As a pediatric speech-language pathologist, I primarily work with children in a school setting. Last year all of the students on my caseload knew I was pregnant because my belly got very large and they frequently asked about the baby.
While still in the hospital after Isabella died, I called my contracting company, told them what happened, and asked to be placed back at the same school. I knew I would need the support of my coworkers who had celebrated and then mourned with me. One of my first thoughts after she died and I decided to go back to the school was, "what in the world am I going to tell the children?"
The first day the students returned for the school year, I had the following conversation with one of the boys on my caseload.
He asked, "Is your baby at home?"
I responded, "No, she's in the cemetery."
"Is that like the military?"
"No, but the words rhyme. She died and is now in the cemetery."
That night I related the conversation to my husband. He looked somewhat appalled by my lack of tact and asked, "why didn't you tell him Isabella was in heaven?"
In the moment the boy had asked me, I had forgotten. I had forgotten that, although her body is in the cemetery, she is in heaven. At that moment, Isabella was just dead. She was not at home, but gone and buried.
|Photo taken the day Isabella's headstone was installed|
In the midst of grief and the turbulent emotions following the death of our child, I can lose sight of the truth.
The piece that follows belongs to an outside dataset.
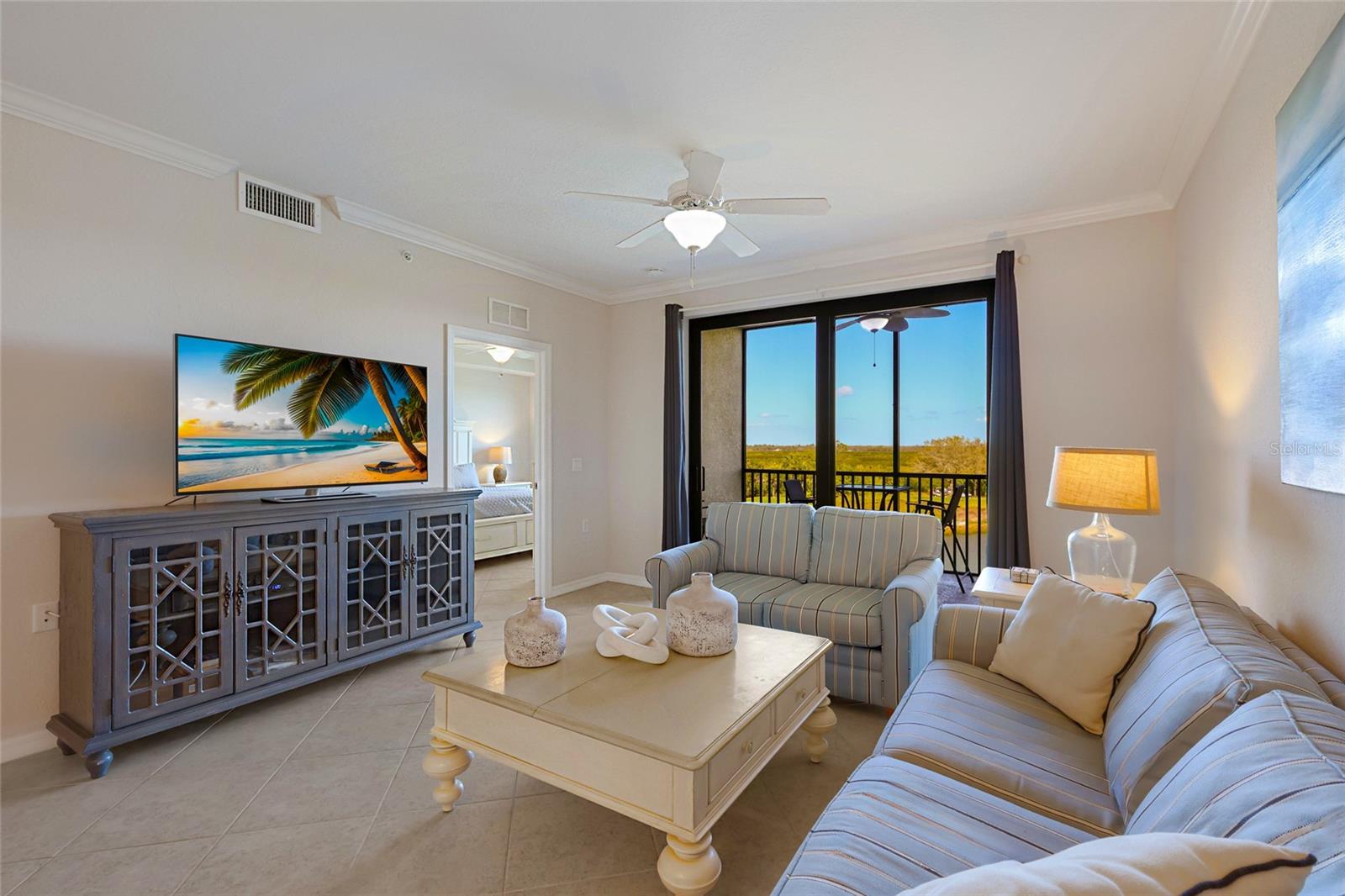 Welcome to 7005 River Hammock #304, a residence that rises above the competition by offering the complete package buyers are searching for in River Strand: a prime wide-open water and preserve view, tile flooring throughout, tasteful turn-key furnishings, a recently replaced AC unit, a private storage unit, and the tremendous value of golf membership included in the HOA dues. From the moment you enter, the difference is easy to feel. The home is bright, clean, and inviting, with an open layout that flows effortlessly from the dining area to the living room and out to the screened lanai. Large sliders frame a peaceful backdrop of water, greenery, and open sky, creating the kind of view that immediately sets this unit apart. Many condos offer interior space, but not all offer a setting like this. Here, the view becomes part of the living experience, bringing a sense of calm, privacy, and everyday beauty that buyers remember long after they leave. Inside, the tile flooring throughout is a major advantage, giving the entire residence a more cohesive, upscale look while also making maintenance simple. The kitchen features granite countertops, abundant cabinetry, stainless appliances, and an open connection to the main living area that keeps everything feeling connected and functional. The furnishings are light, coastal, and comfortable, perfectly complementing the relaxed Florida lifestyle this property is all about. Being sold turn-key furnished is another major reason this unit stands out. Buyers can close, bring a suitcase, and begin enjoying River Strand immediately. There is no long to-do list, no waiting, and no extra expense to furnish the home before it can be enjoyed. Whether you are searching for a full-time residence, a winter retreat, or a property with strong rental appeal, the convenience here is hard to overstate. The private storage unit adds even more value, giving you practical extra space for golf clubs, beach gear, owner items, and seasonal storage. The lifestyle is where this property truly separates itself. Golf membership is included in the HOA dues, giving owners access to one of the community’s most sought-after benefits without the burden of an added membership cost. Beyond golf, River Strand offers the resort-style amenities buyers want most, including pools, tennis, pickleball, fitness centers, dining, and a vibrant social atmosphere. This is the kind of community where mornings begin on the lanai, afternoons can be spent on the course or by the pool, and evenings can end with dinner, friends, and the feeling that you are living in a private resort rather than an ordinary condo community. For buyers comparing what is currently available, 7005 River Hammock #304 checks the boxes that matter most: the better view, hard-surface flooring throughout, updated comfort with the newer AC, true turn-key convenience, extra storage, and the built-in value of bundled golf and outstanding amenities. This is more than just another condo for sale. It is a polished, move-in-ready opportunity to own a beautifully furnished piece of the River Strand lifestyle with the kind of comfort, scenery, and ease that make it stand out from the rest.

Yes, her body is buried, but my daughter resides with the Lord.
The child that King David and Bathsheba conceived while Bathsheba was still married to Uriah, also died in infancy. Below is the account is found in 2 Samuel 12:15-23.
And the Lord afflicted the child that Uriah's wife bore to David, and he became sick. 16 David therefore sought God on behalf of the child. And David fasted and went in and lay all night on the ground. 17 And the elders of his house stood beside him, to raise him from the ground, but he would not, nor did he eat food with them. 18 On the seventh day the child died. And the servants of David were afraid to tell him that the child was dead, for they said, “Behold, while the child was yet alive, we spoke to him, and he did not listen to us. How then can we say to him the child is dead? He may do himself some harm.” 19 But when David saw that his servants were whispering together, David understood that the child was dead. And David said to his servants, “Is the child dead?” They said, “He is dead.” 20 Then David arose from the earth and washed and anointed himself and changed his clothes. And he went into the house of the Lord and worshiped. He then went to his own house. And when he asked, they set food before him, and he ate. 21 Then his servants said to him, “What is this thing that you have done? You fasted and wept for the child while he was alive; but when the child died, you arose and ate food.” 22 He said, “While the child was still alive, I fasted and wept, for I said, ‘Who knows whether the Lord will be gracious to me, that the child may live?’ 23 But now he is dead. Why should I fast? Can I bring him back again? I shall go to him, but he will not return to me.”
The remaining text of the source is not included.